ECLI:NL:RBROT:2022:4697
Rechtbank Rotterdam
- Eerste aanleg - enkelvoudig
- Rechtspraak.nl
Besluit over uitkering ex-werknemer moest ook aan de werkgever worden bekendgemaakt
Op 9 juni 2022 heeft de Rechtbank Rotterdam uitspraak gedaan in een zaak waarbij de werkgever van een ex-werknemer bezwaar had gemaakt tegen een besluit van het Uitvoeringsinstituut werknemersverzekeringen (UWV) over de toekenning van een uitkering.

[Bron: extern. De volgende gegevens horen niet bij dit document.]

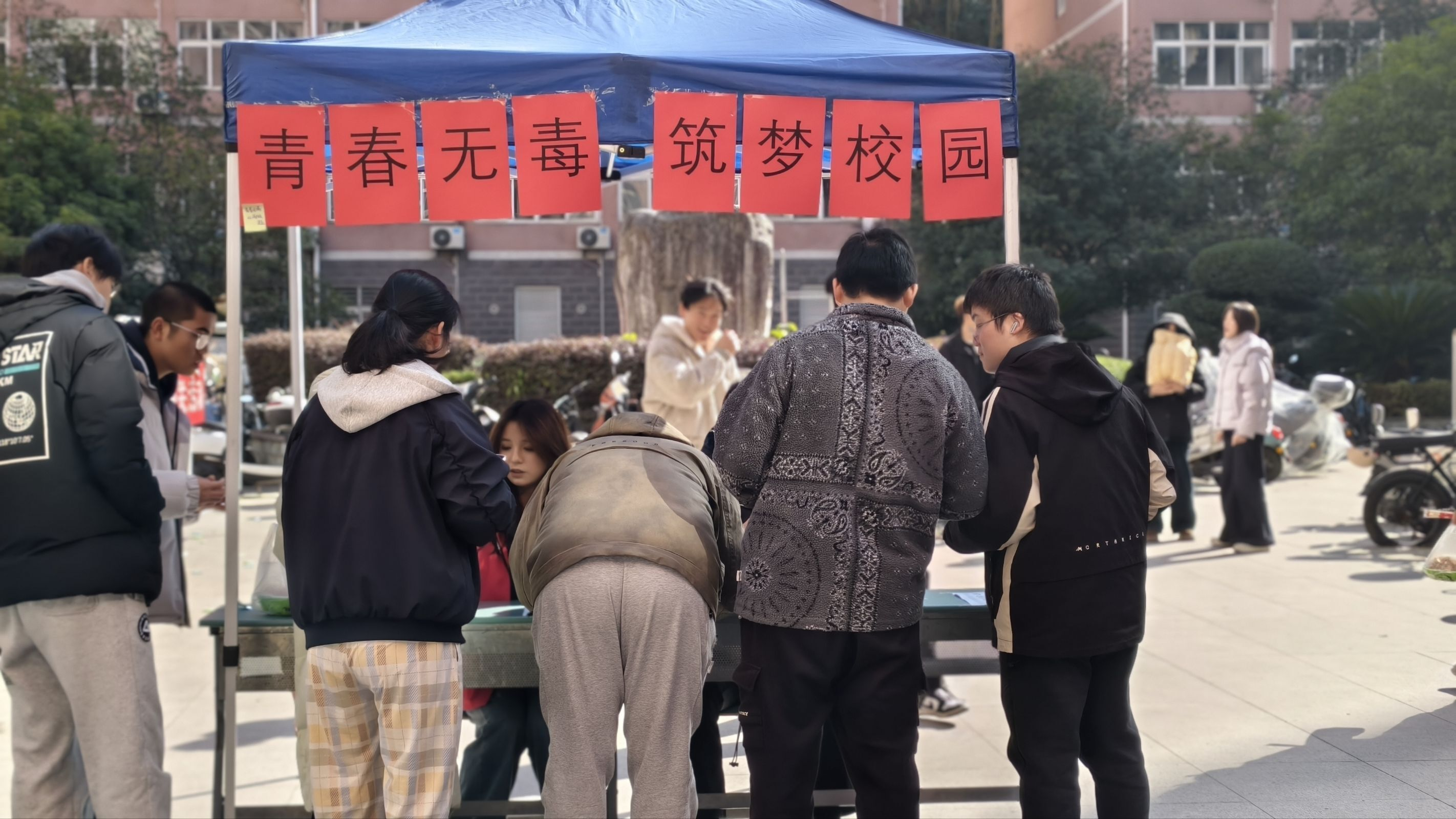 本次活动创新采用“趣味闯关”模式,在校园内设置了桃园、李园和汽车广场三大联动打卡点位,将禁毒教育转化为可参与、可体验的生动实践。在桃园,同学们纷纷在禁毒主题横幅上郑重写下自己的拒毒誓言,或以创意绘画表达对“无毒青春”的向往;在李园,同学们与禁毒宣传海报合影,并通过社交媒体分享感悟,自觉成为禁毒宣传的“校园代言人”;在汽车广场的“识毒辨毒”知识闯关区,同学们随机抽取题目,认真辨别各类常见毒品及其伪装形态,在互动问答中巩固禁毒知识。完成全部闯关任务的同学,还获得了活动专属认证印章。

Het primaire besluit, dat op 15 juli 2019 was genomen, kende de ex-werknemer een uitkering toe op grond van de Wet werk en inkomen naar arbeidsvermogen. Dit besluit was echter niet aan de werkgever bekendgemaakt, wat volgens de rechtbank noodzakelijk was omdat het besluit financiële gevolgen had voor de werkgever in de vorm van een gedifferentieerde premie. De rechtbank oordeelde dat de werkgever tijdig bezwaar had gemaakt, en dat het UWV het bezwaar inhoudelijk had moeten behandelen. De rechtbank verklaarde het verzet en het beroep van de werkgever gegrond, vernietigde het bestreden besluit en droeg het UWV op om een nieuw besluit te nemen. Tevens werd het UWV veroordeeld tot vergoeding van de proceskosten van de werkgever en het betaalde griffierecht. De uitspraak benadrukt het belang van de bekendmaking van besluiten die ook gevolgen hebben voor derden, zoals werkgevers, en bevestigt de termijn voor het indienen van bezwaar.